Henry Havelock Ellis, known as Havelock Ellis (2 February 1859 – 8 July 1939), was a British physician, writer, and social reformer who studied human sexuality. He was co-author of the first medical textbook in English on homosexuality in 1897, and also published works on a variety of sexual practices and inclinations, including transgender psychology. He is credited with introducing the notions of narcissism and autoeroticism, later adopted by psychoanalysis. He served as president of the Galton Institute and, like many intellectuals of his era, supported eugenics.[1]

Early life and teaching career[edit]

Ellis, son of Edward Peppen Ellis and Susannah Mary Wheatley, was born in Croydon, then a small town south of London. He had four sisters, none of whom married. His father was a sea captain, his mother the daughter of a sea captain, and many other relatives lived on or near the sea. At seven years of age, his father took him on one of his voyages, during which they called at Sydney, Callao and Antwerp. After his return, Ellis attended the French and German College near Wimbledon, and afterward attended a school in Mitcham.

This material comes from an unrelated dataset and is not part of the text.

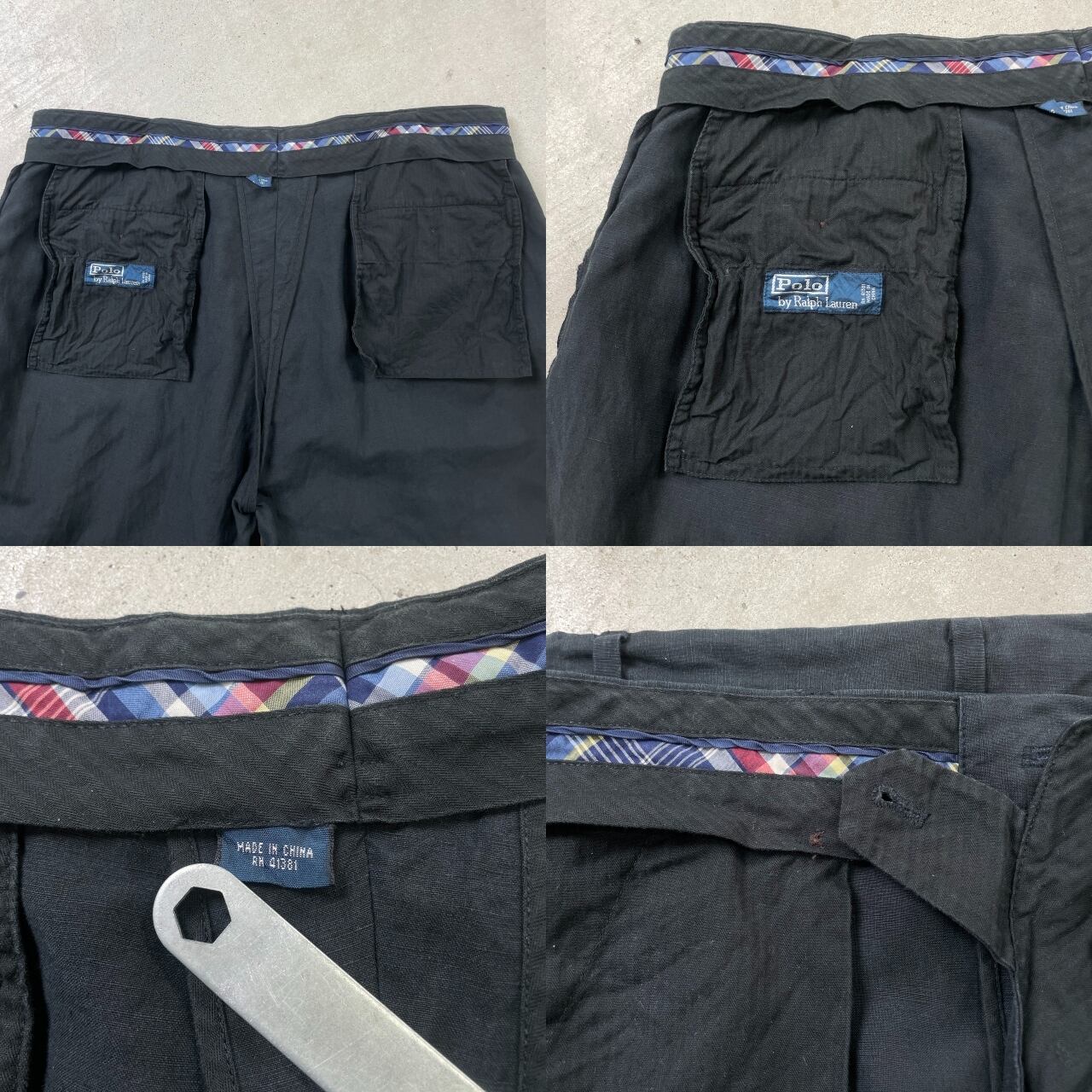 ■90年代 Polo by Ralph Lauren ポロバイラルフローレン リネン シルク スラックスパンツ メンズW36 古着 90s VINTAGE ヴィンテージ 黒色【スラックス,スタプレ】/ブラック

In April 1875, Ellis sailed on his father's ship for Australia; soon after his arrival in Sydney, he obtained a position as a master at a private school. After the discovery of his lack of training, he was fired and became a tutor for a family living a few miles from Carcoar. He spent a year there and then obtained a position as a master at a grammar school in Grafton. The headmaster had died and Ellis carried on the school for that year, but was unsuccessful.

At the end of the year, he returned to Sydney and, after three months' training, was given charge of two government part-time elementary schools, one at Sparkes Creek, near Scone, New South Wales and the other at Junction Creek. He lived at the school house on Sparkes Creek for a year. He wrote in his autobiography, "In Australia, I gained health of body, I attained peace of soul, my life task was revealed to me, I was able to decide on a professional vocation, I became an artist in literature . . . these five points covered the whole activity of my life in the world. Some of them I should doubtless have reached without the aid of the Australian environment, scarcely all, and most of them I could never have achieved so completely if chance had not cast me into the solitude of the Liverpool Range."[2]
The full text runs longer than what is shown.